De eigenschappen van stoffen, zoals kleur, geur en smaak, zijn voorbeelden van stofeigenschappen.
Je kunt stoffen herkennen aan hun stofeigenschappen. Elke stof heeft een unieke combinatie van stofeigenschappen.
Vast, vloeibaar en gasvormig
Stoffen kun je indelen in drie groepen:
- Vaste stoffen;
- Vloeistoffen;
- Gassen.
Vast, vloeibaar en gasvormig noemen we fasen. Er zijn er dus drie. De fasen hebben de volgende eigenschappen:
- Een vaste stof heeft een eigen vorm en een eigen volume;
- Een vloeistof heeft geen eigen vorm, maar wel een eigen volume;
- Een gas heeft geen eigen vorm en geen eigen volume.
Water is een bijzondere stof, omdat water in de natuur voorkomt als vast (ijs), vloeibaar (water) en gas (waterdamp).
Ook kun je stoffen herkennen aan de eigenschap of ze wel of niet oplossen in water.
Als suiker is opgelost in water, geven we dat aan als suiker (aq).

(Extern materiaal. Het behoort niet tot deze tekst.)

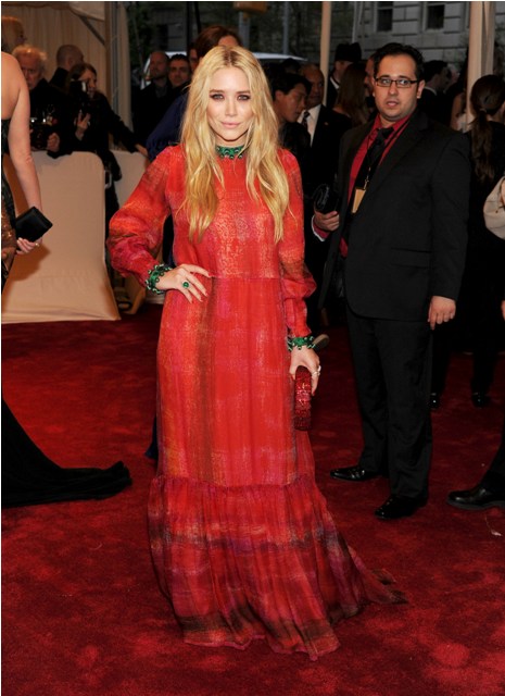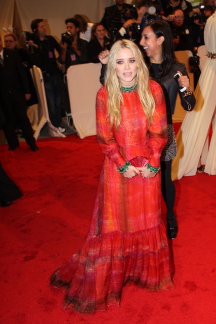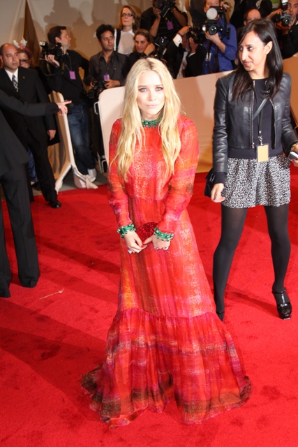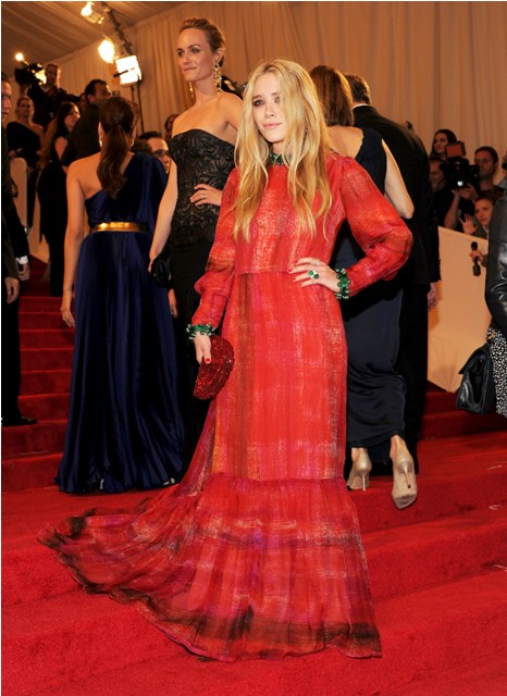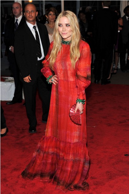 The problem with Mary-Kate however, in this red Givenchy peasant business, is that if style is supposed to push, well, we’ve all seen her in this before. So... points docked for sameness, right?

De afkorting ‘aq’ staat voor aqua (water).
De vloeistof waarin een stof oplost, is het oplosmiddel.
Omgaan met gevaarlijke stoffen
Let bij het omgaan met gevaarlijke stoffen op de volgende punten:
- Kijk naar de veiligheidssymbolen op het etiket;
- Houd de dop op potten en flessen;
- Proef nooit van een stof (behalve als de docent het nadrukkelijk vraagt);
- Was altijd goed je handen na een practicum;
- Gooi nooit zomaar afval weg;
- Veeg op wat je hebt geknoeid en waarschuw de docent als je iets morst.
Oplosbaarheid
De oplosbaarheid is de maximale hoeveelheid stof die je bij een bepaalde temperatuur in een oplosmiddel kunt oplossen.

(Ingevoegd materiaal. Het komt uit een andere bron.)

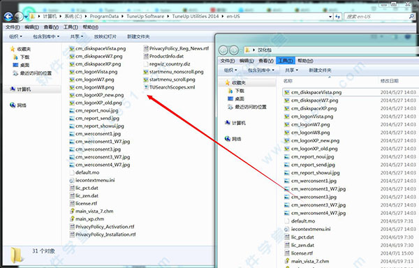 2、然后打开C:\ProgramData\TuneUp Software\TuneUp Utilities 2014\en-US文件夹,再将压缩包中“汉化包”文件夹中的所有内容复制进去,再启动软件就是中文了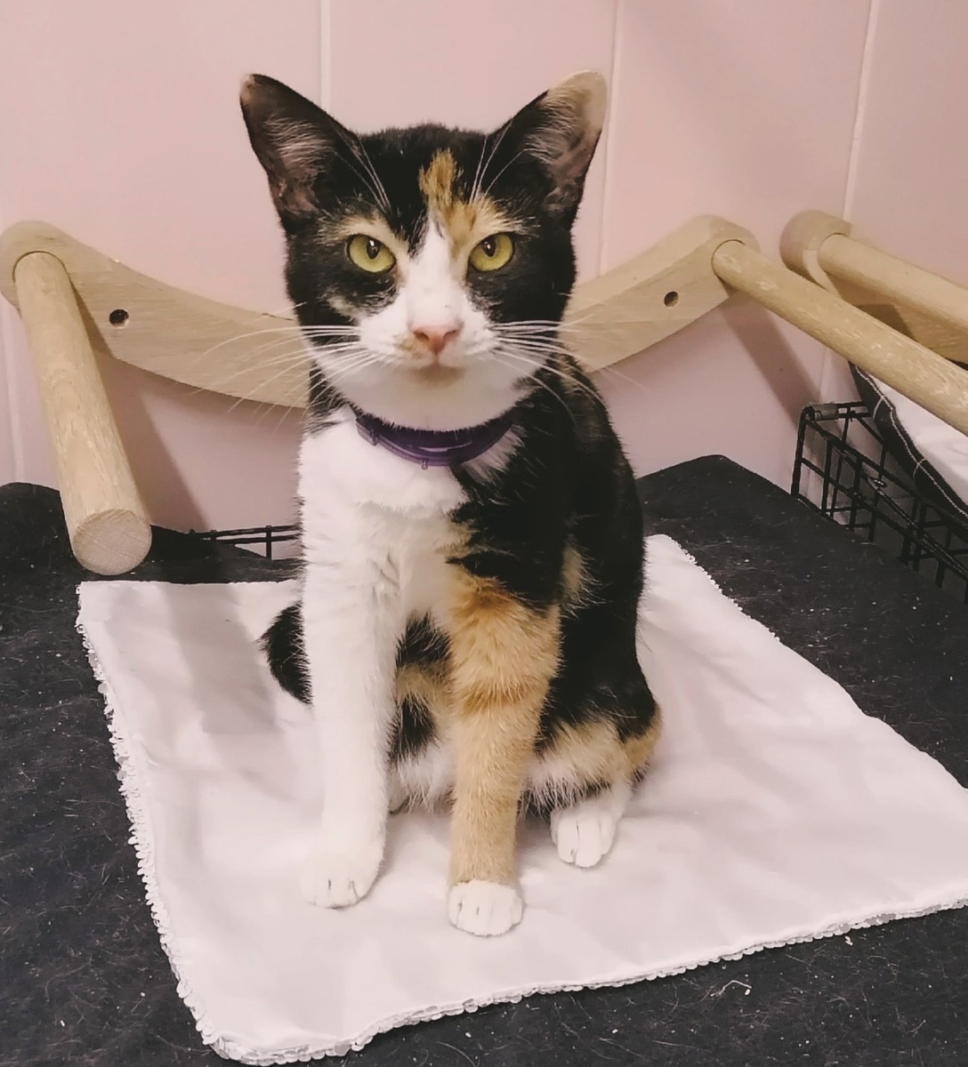 Но сейчас она подросла и переехала в приют. Малышке примерно 7-8 месяцев. Немного пуглива, что понятно. Девочка очень красивая, как будто одета в дизайнерский комбинезончик😀. А ведь все знают, что кошечки цвета калико приносят счастье. Если вы этого не знали, то обязательно прочитайте нашу статью.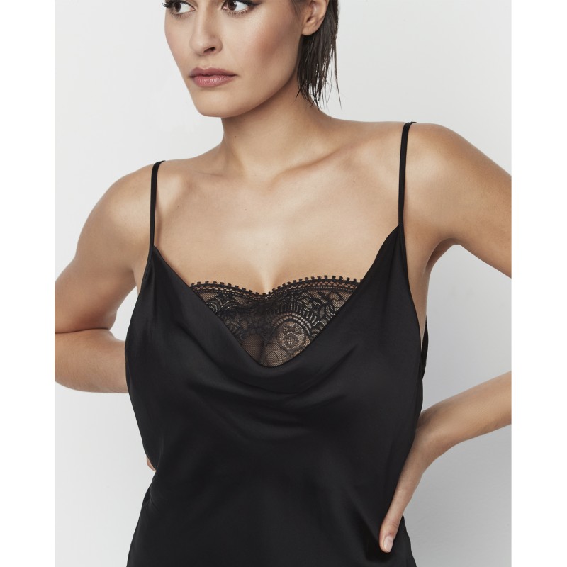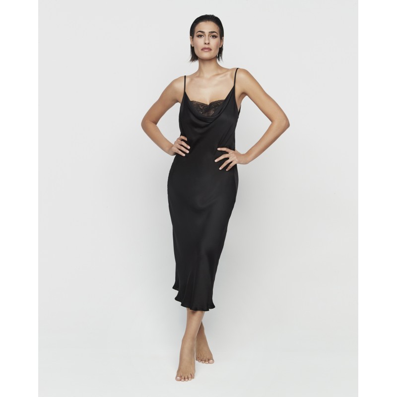 Camisón lencero largo con tirantes ajustables. Inspirada en las veladas inolvidables, esta prenda combina elegancia y sensualidad en cada detalle. Su estilo audaz y refinado reflejan el glamour y la excelencia en una sola pieza. Este camisón pertenece a la colección Aurum, creada en colaboración con Pilar Rubio para conmemorar nuestro 50 aniversario.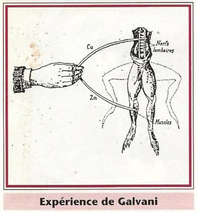 1786 : Luigi GALVANI physicien et médecin observe que les cuisses des grenouilles qu’il a mises sécher sur un fil de cuivre se contractent chaque fois qu’il touche le fer du balcon. Il s’en réfère à Volta qui prouve que c’est le contact de deux métaux et d’un corps humide qui provoque de l’électricité. Ainsi on découvrit l’électromusculation.
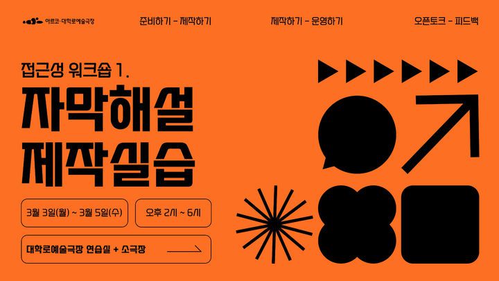 [서울=뉴시스]김주희 기자 = 한국문화예술위원회 아르코·대학로예술극장이 서울 종로구 대학로예술극장에서 다음 달 3일부터 5일까지 사흘간 공연예술인을 위한 접근성 워크숍 '자막해설 제작 실습'을 개최한다.
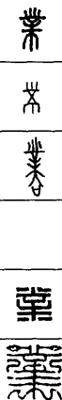 从上到下依次是小篆、甲骨文、金文、古玺及战国文字、缪篆及汉代文字、鸟虫篆。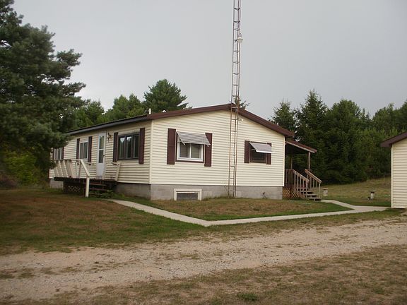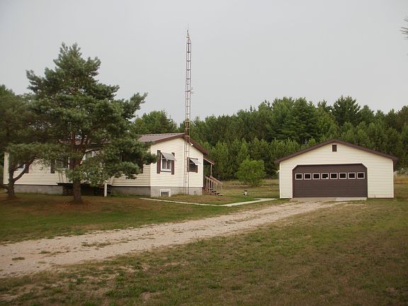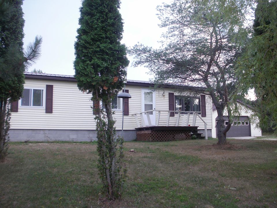 The owners have decide they miss Florida so are returning to the sunshine. This home has a full basement, central A/C , alexis featured. End bright kitchen, Inviting living room flows to the dinning area w/ patio doors to a deck for grilling.Decks & sidewalks to the garage and outbuilding. The 2.66 acres offers privacy. The distance is 10 miles to the traffic light by Walgreen's,13 minutes away. River and lake accesses near by. Paved road. Fairly priced at only $69000. Vinyl sided and replacement windows Sliding patio door .to the rear deck overlooking the spacious private back yard. Wood stove chimney in the basement with a shoot for the wood. Back entrance to the home or basement, plus front entry off of the front porch creates a smooth flow . Home Warranty included.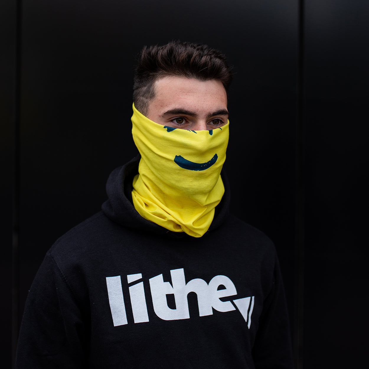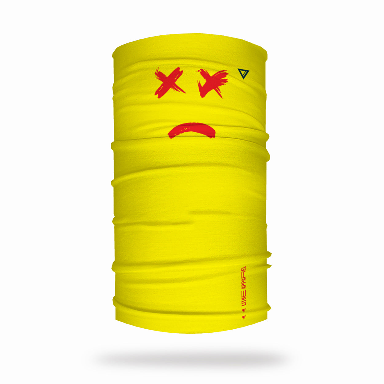 Yellow neck warmer. On one side with a smiley and on the other a non-smiley. What mood are you today?

De oplosbaarheid kun je bijvoorbeeld uitdrukken in gram/liter (g/L) of kg/m3
Als de temperatuur hoger is, kun je meer stof oplossen in een oplosmiddel en dan is de oplosbaarheid dus groter. Heb je de maximale hoeveelheid opgelost, dan is de oplossing een verzadigde oplossing.
Paragraaf 6.2: moleculen als bouwstenen
De bouwstenen van stoffen
Diffusie: de stof verspreidt zich door het water (zoals bij oploslimonade).
Alle stoffen zijn opgebouwd uit hele kleine deeltjes die bewegen: moleculen (kleiner dan één miljoenste millimeter).
Bij diffusie gebeurt het volgende: de siroopmoleculen en de watermoleculen bewegen en botsen met elkaar. Als je lang genoeg wacht, zijn de siroopmoleculen en watermoleculen volledig gemengd. Oplossen kun je je ook zo voorstellen.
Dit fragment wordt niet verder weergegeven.